Harold K. Douthit is chairman and chief executive officer of Douthit Communications, Inc., an Ohio-based company that produces 26 publications, including award-winning community newspapers, specialty newspapers and a group of real estate magazines serving the Great Lakes and Southwest regions. He has devoted his career to serving an under-served market, the suburbs, and pioneered in the development of new printing technology that gave newspapers the production speed and efficiency to compete with electronic media. His ten award-winning weekly newspapers in Ohio have been called "models of superior writing and keen coverage of local events" by the Ohio Newspaper Association. His flagship paper, The Chagrin Valley Times, won the General Excellence Award as Ohio's finest weekly newspaper five consecutive years. His own weekly column has received the association's top award for column writing. Mr. Douthit is a founder and chairman of the Ohio Coalition for Open Government, which champions freedom of information issues. He pressed for passage of a bill before the State Legislature that would establish the nation's most comprehensive law requiring open government records and led the Ohio Coalition for Open Government in its efforts to bring a landmark case before Ohio's highest court to require government agencies to make records available to the press and public.
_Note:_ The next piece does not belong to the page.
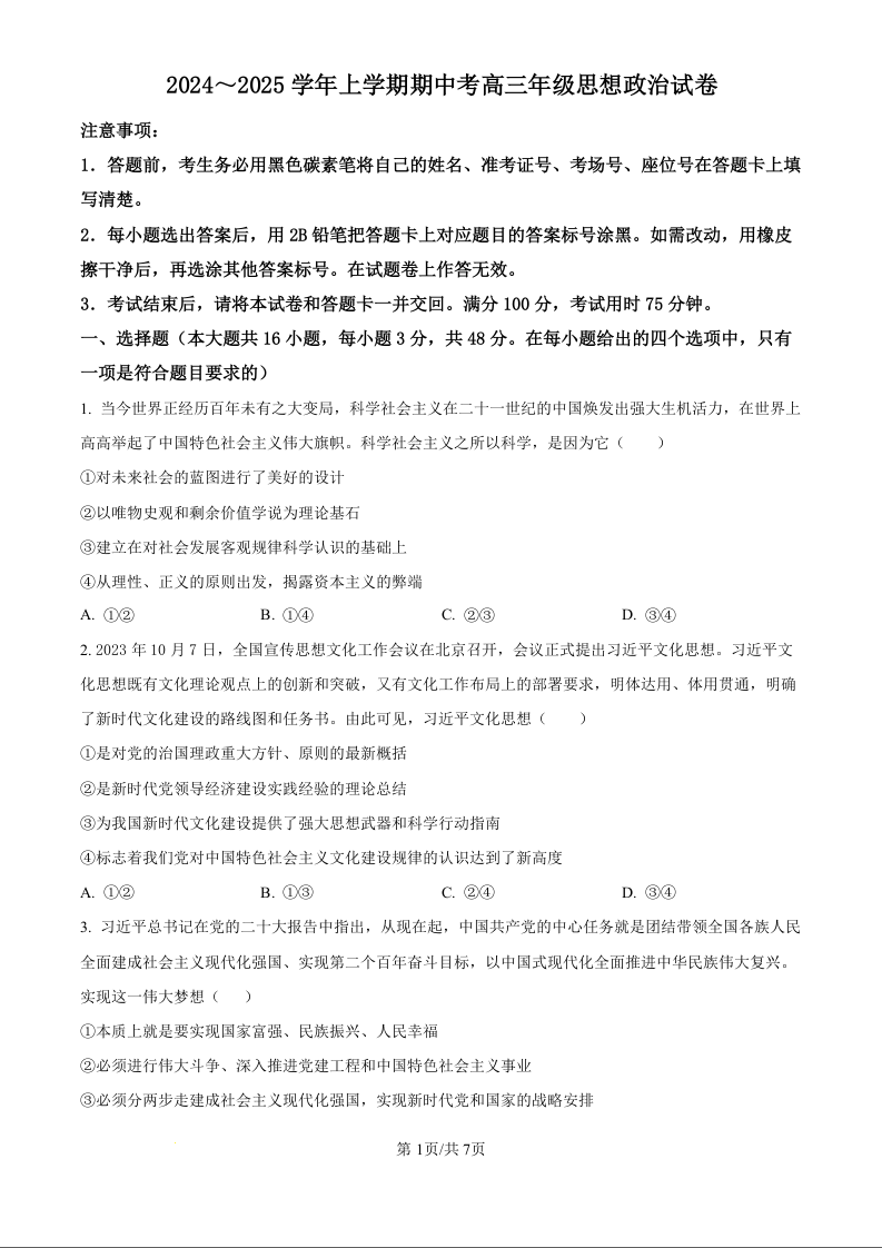 大理白族自治州宾川县高平第一完全中学2025届高三上学期期中考试 政治

John L. Hulteng (1921-1996), journalist, educator and author, was a legend in journalism education. A newspaperman for ten years in the Midwest and on the East Coast, he resigned as editorial page editor of The Providence Journal and Bulletin to join the faculty of the University of Oregon at Eugene in 1955. He remained on the Oregon faculty for 22 years, serving as dean for seven of them. He was a professor at Stanford University for nine years before retiring in 1986, and also served for a year as assistant director of the Communication Institute of the East-West Center at the University of Hawaii. He was the author of seven books on journalism and journalism ethics, including textbooks used in more than 100 universities. One of his books, commissioned by the American Society of Newspaper Editors, was an ethics handbook used in newspaper offices throughout the country. It has recently been reissued in seven foreign languages. An editorial in The Register-Guard of Eugene, Ore., March 13 noting his passing and praising his contributions called his book, The Opinion Function, "The best American book on the peculiar craft of editorial writing." Mr. Hulteng was a Nieman Fellow at Harvard and received numerous awards for teaching and for service to journalism. The University of North Dakota, where he earned his undergraduate degree, gave him its Distinguished Service Award in 1972. He was an honorary lifetime member of the Oregon Newspaper Publishers Association. He was president of the American Association of Schools and Departments of Journalism in 1966-67.